Entries taken from a collection:

--- START ---

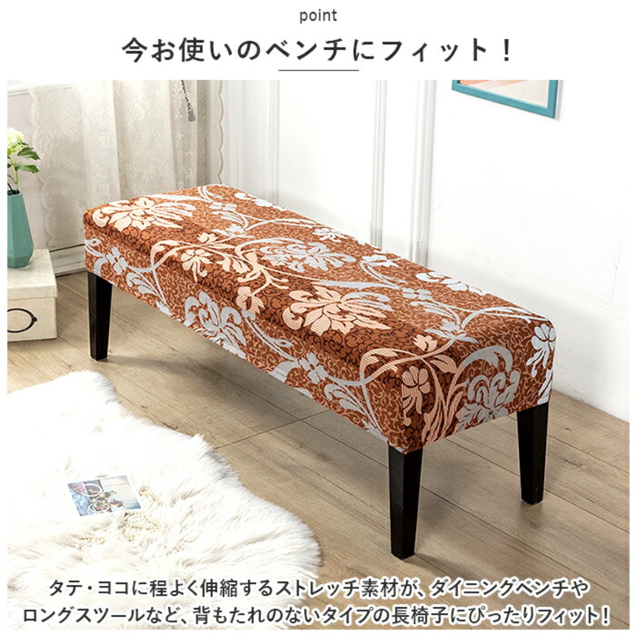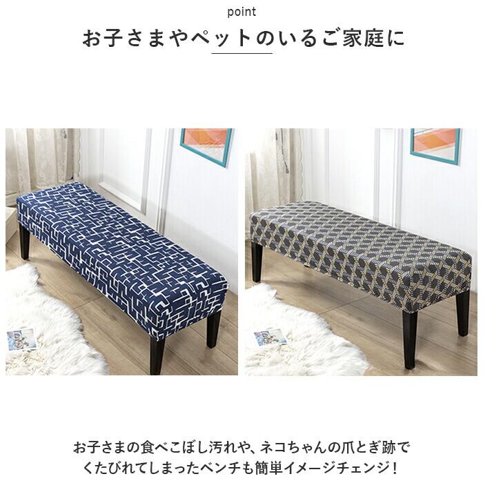 ・タテ・ヨコに程よく伸縮するストレッチ素材が、ダイニングベンチやロングスツールなど、背もたれのないタイプの長椅子にぴったりフィット!
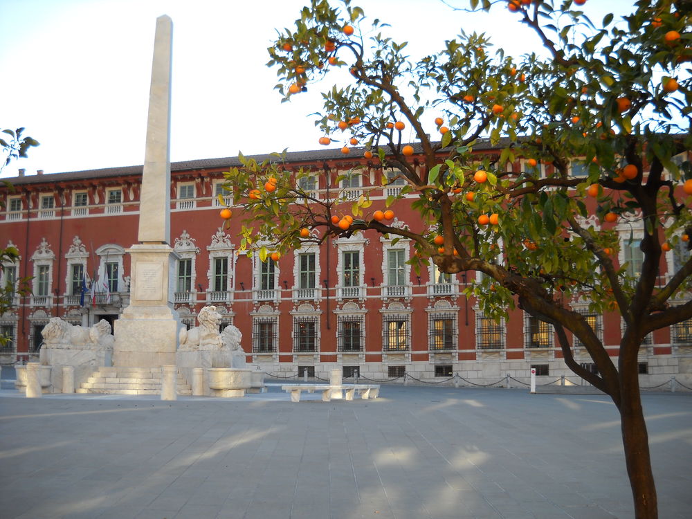 Da alcuni anni, infatti, un doppio filare di alberi di arancio era stato "piantato in terra", non in serre o cortili protetti, a coronamento della nuova piazza pubblica voluta da Elisa Baciocchi, sorella di Napoleone e duchessa di Massa, quale fronte adeguato per la monumentale facciata barocca del Palazzo Ducale.
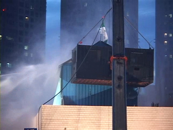 ▲ 20일 작전 당시 경찰특공대는 컨테이너 두 대를 동원해 한 대는 망루 지붕을 뜯고 위에서 진입할 계획을 세웠지만 현장에 컨테이너는 한 대만 지원됐다. 특공대 1제대장은 '두 대가 있었으면 덧 낫지 않느냐'는 질문에 "특공대 작전도 수월하고 농성자 입장에서에도 안전에 더 낫다"고 증언했다. [출처: 참세상 자료사진] |
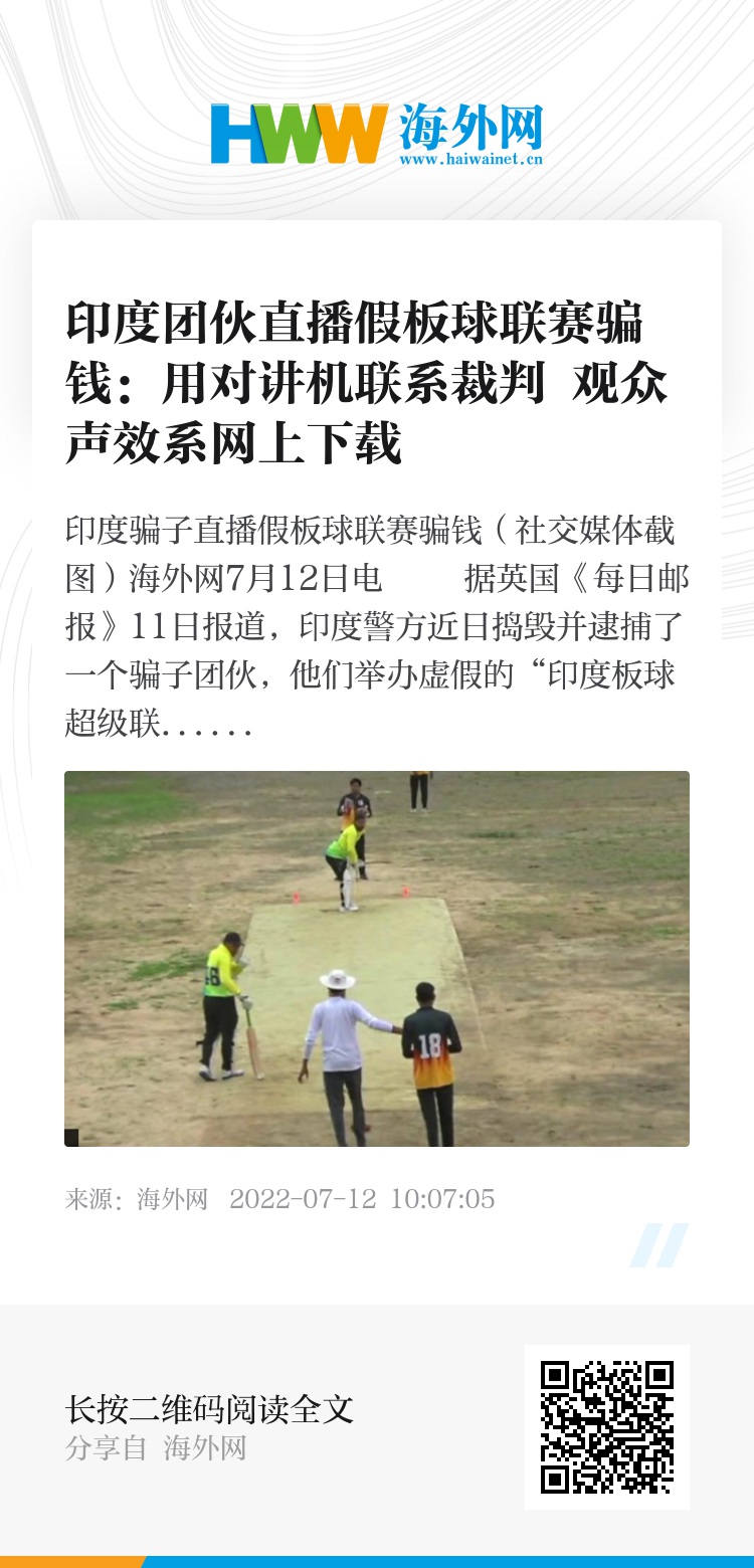 海外网7月12日电 据英国《每日邮报》11日报道,印度警方近日捣毁并逮捕了一个骗子团伙,他们举办虚假的“印度板球超级联赛”骗钱,用对讲机提醒裁判下注结果,裁判再向球员发出信号。
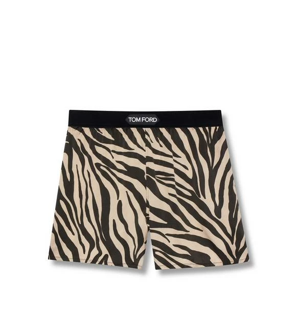 TOM FORD ZEBRA PRINTED SILK BOXER SHORTS – BLACK + BEIGE
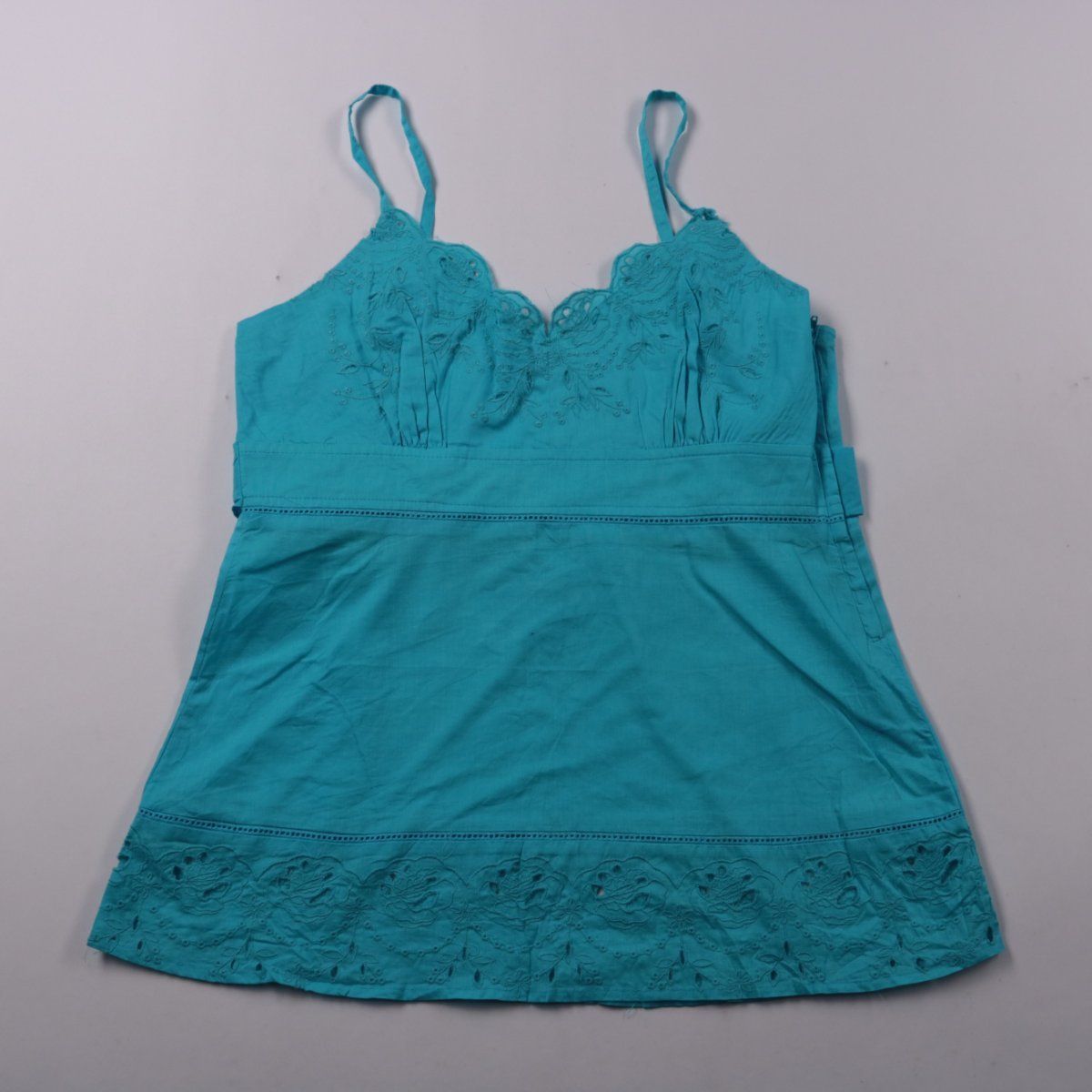 Топ New Look на тонких бретелях, выполнен из хлопка и украшен вышивкой по верху и по низу. Подойдёт для лета и отпуска, легко сочетается с шортами, юбками и джинсами. Натуральная ткань хорошо дышит и комфортна в жару.
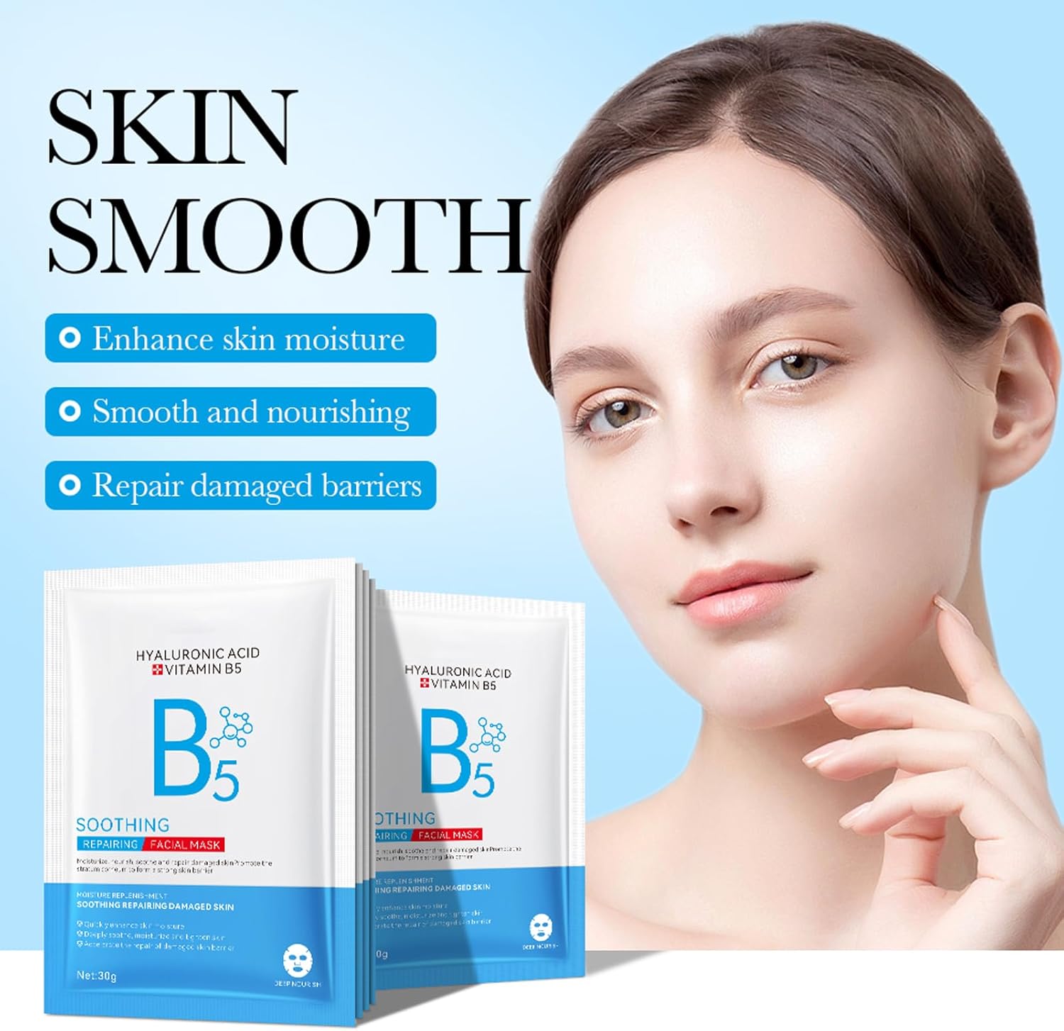 Vitaminen B5 Hyaluronzuur Kalmerende Reparatie Gezichtsmaskers – Hydraterende En Voedende Gezichtsmaskers Met Hyaluronzuur En Vitamine B5, Geschikt Voor Droge Huid, 12 Stuks
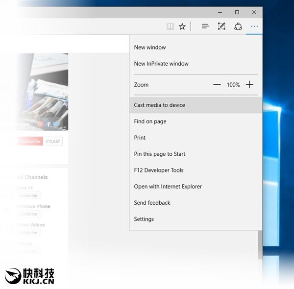 1.Edge浏览器支持媒体内容投射,比如对Youtube视频、Facebook照片辑、Pandora音乐等都可选Miracast或者DLNA设备。
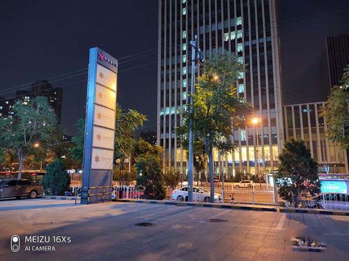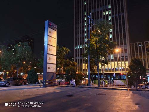 所以,当两者开启超级夜景模式后,在曝光和ISO相差无几的情况下,Redmi K20利用四合一像素合成1.6um,加上1/2.0的底,使得亮度和细节都有了有效提升;而另一边,魅族16Xs之前广告牌过曝的情况在超级夜景模式下也得到了解决。
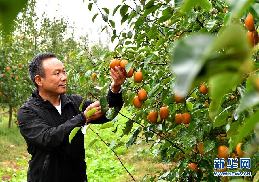 種植戶李應賢在河南省洛寧縣馬店鎮(zhèn)關(guān)廟村查看金珠沙梨生長情況(10月9日攝)。新華社記者李嘉南攝
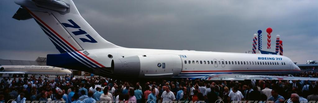 The Boeing 717 was specifically designed for the short-haul, high frequency 100-passenger airline market. The highly efficient 717 concluded its production run in May 2006, though the airplane will remain in service for years to come. The airplane was originally part of the McDonnell Douglas airplane family and designated the MD-95 prior to merger with The Boeing Co. in 1997. The program produced 156 717s and pioneered breakthrough business and manufacturing process for Boeing Commercial Airplanes.
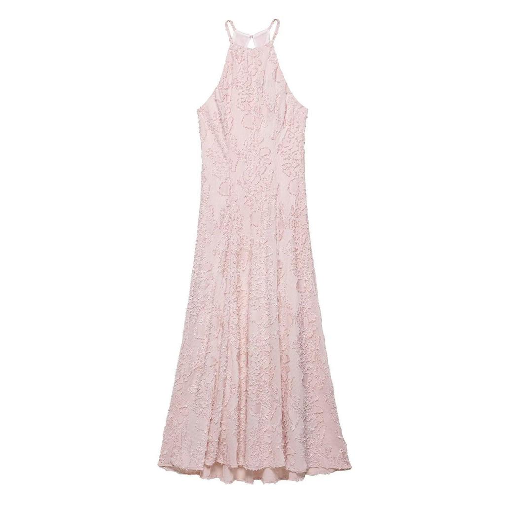 Летнее женское платье 2025 года в европейском и американском стиле с бретелью через шею - Модное, Простая текстура
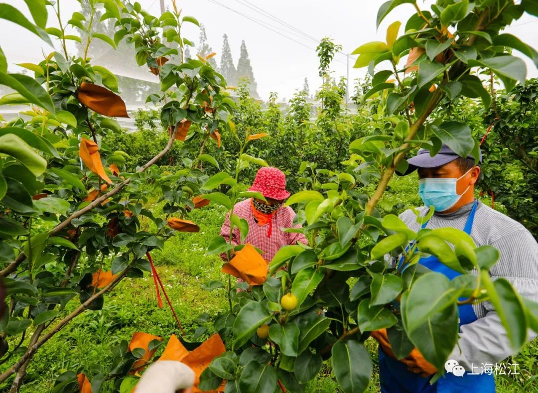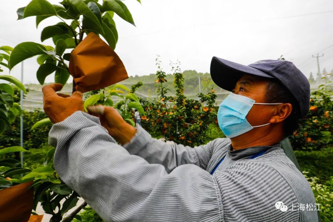 在园内,工作人员正为早生新水梨套袋。经过悉心呵护的“蜜梨宝宝”将在六月下旬迎来成熟,届时,甜如蜜的早生新水梨将挂满枝头,等待市民采摘品尝。

--- END ---

Exercise directions: The copy should hold exactly the lines from the line containing "1.Edge浏览器支持媒体内" through the last line of the records, both included, and no pictures or other lines.

Answer to the exercise:
 1.Edge浏览器支持媒体内容投射,比如对Youtube视频、Facebook照片辑、Pandora音乐等都可选Miracast或者DLNA设备。
 所以,当两者开启超级夜景模式后,在曝光和ISO相差无几的情况下,Redmi K20利用四合一像素合成1.6um,加上1/2.0的底,使得亮度和细节都有了有效提升;而另一边,魅族16Xs之前广告牌过曝的情况在超级夜景模式下也得到了解决。
 種植戶李應賢在河南省洛寧縣馬店鎮(zhèn)關(guān)廟村查看金珠沙梨生長情況(10月9日攝)。新華社記者李嘉南攝
 The Boeing 717 was specifically designed for the short-haul, high frequency 100-passenger airline market. The highly efficient 717 concluded its production run in May 2006, though the airplane will remain in service for years to come. The airplane was originally part of the McDonnell Douglas airplane family and designated the MD-95 prior to merger with The Boeing Co. in 1997. The program produced 156 717s and pioneered breakthrough business and manufacturing process for Boeing Commercial Airplanes.
 Летнее женское платье 2025 года в европейском и американском стиле с бретелью через шею - Модное, Простая текстура
 在园内,工作人员正为早生新水梨套袋。经过悉心呵护的“蜜梨宝宝”将在六月下旬迎来成熟,届时,甜如蜜的早生新水梨将挂满枝头,等待市民采摘品尝。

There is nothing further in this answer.